The book ends (Fin), only to begin once more (again); James Joyce’s Finnegans Wake is the eternal return of its hero, Humphrey Chimpden Earwicker. This time around, the book may read differently, as it always does, but the basic plot remains the same. Whether we’re talking about Humphrey Chimpden Earwicker (as Joyce does), Charles Stewart Parnell (as Joyce also does), or Julian Assange (as I now do), the hero who ushers in a new age under his or her leadership is marred by allegations of sexual impropriety. These allegations haunt our hero throughout his leadership, before he is done away with and someone else takes his place.
The fate of Assange is yet to be determined, but I want to indulge in this narrative if I may. And it is of course only a narrative; I do not want to play down in any way the seriousness of the allegations contained—in whatever detail—in the arrest warrant issued by the Swedish authorities.

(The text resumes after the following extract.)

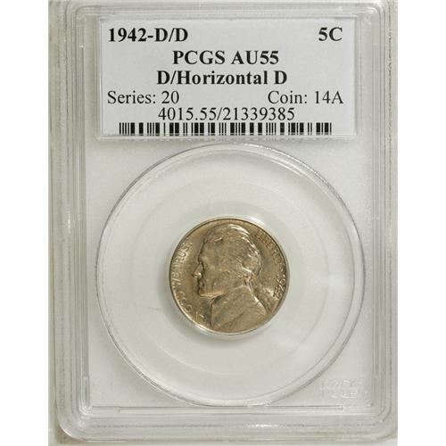 1942-D 5C D Over Horizontal D AU55 PCGS. PCGS Popu

It is understood that Assange is accused (but not yet charged) of committing serious sexual offences against two women in Sweden last August.
In a bizarre interview broadcast by BBC Radio 4 on 21st December, Assange entertains the suggestion that he is something of a martyr, or at the very least some sort of messianic figure who escapes or eludes death.
‘Everyone would like to be a messianic figure without dying,’ Assange tells BBC journalist John Humphrys. The cause to which the martyrdom or messianism refers to is the era of transparency that Wikileaks is bringing about. As the interviewer suggests, this is the transparency of typically western governments and not, say, of Wikileaks or of Assange themselves, who both come out of this looking ironically secretive as many commentators have suggested. But the Age of Assange is an age of transparency (of mainly western governments), fuelled by the publication of vast amounts of previously private or classified information, and all in the name of justice—which is Assange’s main assertion in the radio interview for the necessary ascendency of Wikileaks.
The interview was also about the alleged sexual offences Assange is said to have carried out in August. He denies those allegations. It is clear, from the interview as well as what we know about the alleged crimes, that detail is lacking in the formal documentation surrounding the criminal proceedings and the arrest warrant, and that the gaps in the formal documentation have been filled in generously by media ‘gossip’ and myth-making. What we know—and apparently what the British authorities and Assange’s lawyers know—about the allegations emerging from Sweden is almost nothing.
It is through gossip—as well as through song—that we know of HCE’s crime in Finnegans Wake, which incidentally also involved a sexual offence against two women or girls. Indeed, there are several similarities between HCE’s crime and Assange’s alleged crimes. The documentation or evidence against HCE is likewise lacking in content and form. During the trial, HCE is tried-by-gossip, but as the court moves towards verdict and sentencing, a member of the public shouts ‘The letter! The litter!,’ reminding the court that it has a duty to proceed by evidence. The ‘letter’—some documentation evidencing HCE’s innocence or guilt—receives a full hearing, but it doesn’t really say very much at all. It is a ‘letter’ which is at once ‘litter,’ a piece of rubbish which says nothing about the truth of the allegations against him. That all we need to change ‘letter’ into ‘litter’ is nothing more than a mere letter puts us straight into Joyce’s world.
HCE gets off ‘scotfree’—like the Scots Law finding of ‘guilt not proven.’ But he never recovers from the shame and embarrassment of what he supposedly did. Much of the remaining parts of the novel seek a deeper understanding of HCE’s reign; but he is done for, and his funeral is being prepared. It’s not a spoiler to say that he was accused of indecency in the park—possibly exposing himself to two girls, including his own daughter. What Joyce does here is show that the rise of a hero or a leader, dare we say a sovereign, is inextricably linked with sex, which in turn brings about the hero’s decline. Psychoanalytic approaches to this theme might say that sovereignty is an ‘incestuous right’—recalling the moment prior to the Totem and Taboo patricide when the very becoming-father (or becoming-sovereign) of the Father was the seizure of the maternal object that was so dear to both father and son alike (this very point is made in Panu Minkkinen’s book, Sovereignty, Knowledge, Law, p3, and offers a way of conceptualising the origin of sovereign power as distinct from law). Although Joyce had misgivings over psychoanalysis, he was likewise clearly interested in the idea that the power to rule arouses in many an interest in the sexual conduct of our rulers such that it can also be mythologised. To the extent that we can say that Assange is ushering in a new era under his leadership—which is the thesis presented in the radio interview and elsewhere in the media, and not my thesis—we may be able to account for the narrative of sexual misconduct by engaging with this question of heroism or leadership or sovereignty. As a narrative, we can conceive of this (as well as dismiss, challenge, deconstruct, dismantle, etc.) with or without psychoanalysis. But we ought to engage with the question of why and how Assange, or any other leader for that matter, is scrutinised in terms of their sexual conduct, and how this narrative drives the rise and fall of heroes and anti-heroes.
Richard Bowyer is a Research Student and Sessional Lecturer at Birkbeck College’s School of Law.